### RECORDS SUPPLIED

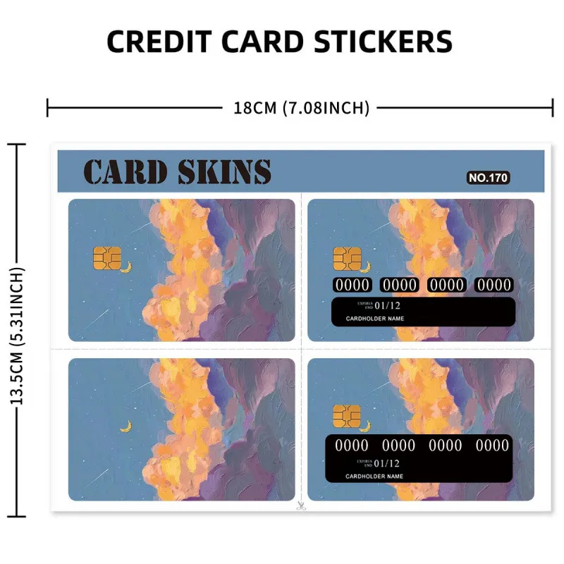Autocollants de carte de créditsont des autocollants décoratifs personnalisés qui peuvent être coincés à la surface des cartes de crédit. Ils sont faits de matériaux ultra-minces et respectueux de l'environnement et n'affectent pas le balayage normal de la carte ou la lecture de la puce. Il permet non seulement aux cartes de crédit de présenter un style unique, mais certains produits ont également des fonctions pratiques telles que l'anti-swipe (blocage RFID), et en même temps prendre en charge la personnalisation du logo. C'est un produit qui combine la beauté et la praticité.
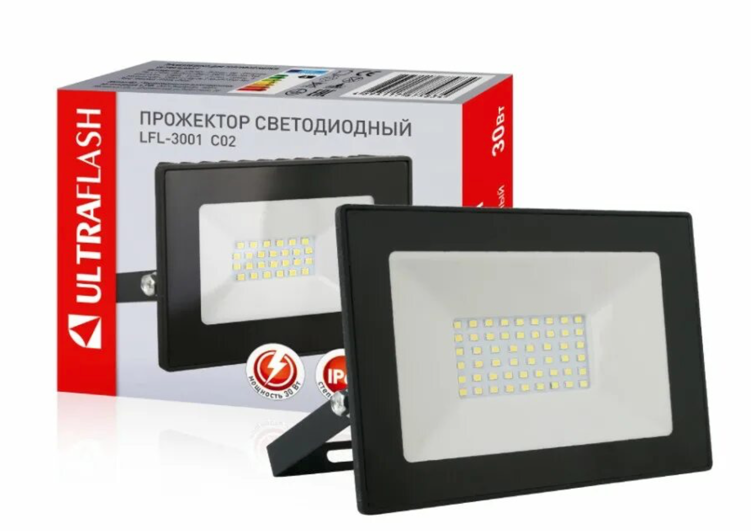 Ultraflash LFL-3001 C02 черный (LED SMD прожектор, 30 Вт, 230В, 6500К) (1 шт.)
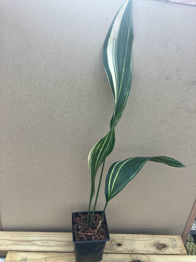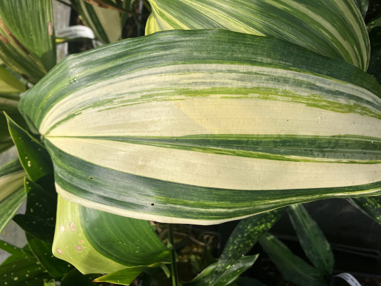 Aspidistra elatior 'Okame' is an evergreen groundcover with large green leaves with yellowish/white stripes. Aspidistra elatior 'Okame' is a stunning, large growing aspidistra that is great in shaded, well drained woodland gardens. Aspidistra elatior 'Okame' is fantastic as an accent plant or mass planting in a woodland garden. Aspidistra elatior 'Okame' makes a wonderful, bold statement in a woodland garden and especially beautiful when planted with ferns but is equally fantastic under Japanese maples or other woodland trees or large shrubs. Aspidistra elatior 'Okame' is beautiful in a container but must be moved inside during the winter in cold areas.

######
### RECORDS SUPPLIED

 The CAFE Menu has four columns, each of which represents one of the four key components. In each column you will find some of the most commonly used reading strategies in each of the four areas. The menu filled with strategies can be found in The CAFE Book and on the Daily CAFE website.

######

* [TASK DIRECTIONS]: An exact copy is needed of the entries above, starting at the line that holds "Autocollants de carte" and stopping at the line that holds "Aspidistra elatior 'Okame' is an", both kept; pictures stay out.

* [RESPONSE]:
Autocollants de carte de créditsont des autocollants décoratifs personnalisés qui peuvent être coincés à la surface des cartes de crédit. Ils sont faits de matériaux ultra-minces et respectueux de l'environnement et n'affectent pas le balayage normal de la carte ou la lecture de la puce. Il permet non seulement aux cartes de crédit de présenter un style unique, mais certains produits ont également des fonctions pratiques telles que l'anti-swipe (blocage RFID), et en même temps prendre en charge la personnalisation du logo. C'est un produit qui combine la beauté et la praticité.
 Ultraflash LFL-3001 C02 черный (LED SMD прожектор, 30 Вт, 230В, 6500К) (1 шт.)
 Aspidistra elatior 'Okame' is an evergreen groundcover with large green leaves with yellowish/white stripes. Aspidistra elatior 'Okame' is a stunning, large growing aspidistra that is great in shaded, well drained woodland gardens. Aspidistra elatior 'Okame' is fantastic as an accent plant or mass planting in a woodland garden. Aspidistra elatior 'Okame' makes a wonderful, bold statement in a woodland garden and especially beautiful when planted with ferns but is equally fantastic under Japanese maples or other woodland trees or large shrubs. Aspidistra elatior 'Okame' is beautiful in a container but must be moved inside during the winter in cold areas.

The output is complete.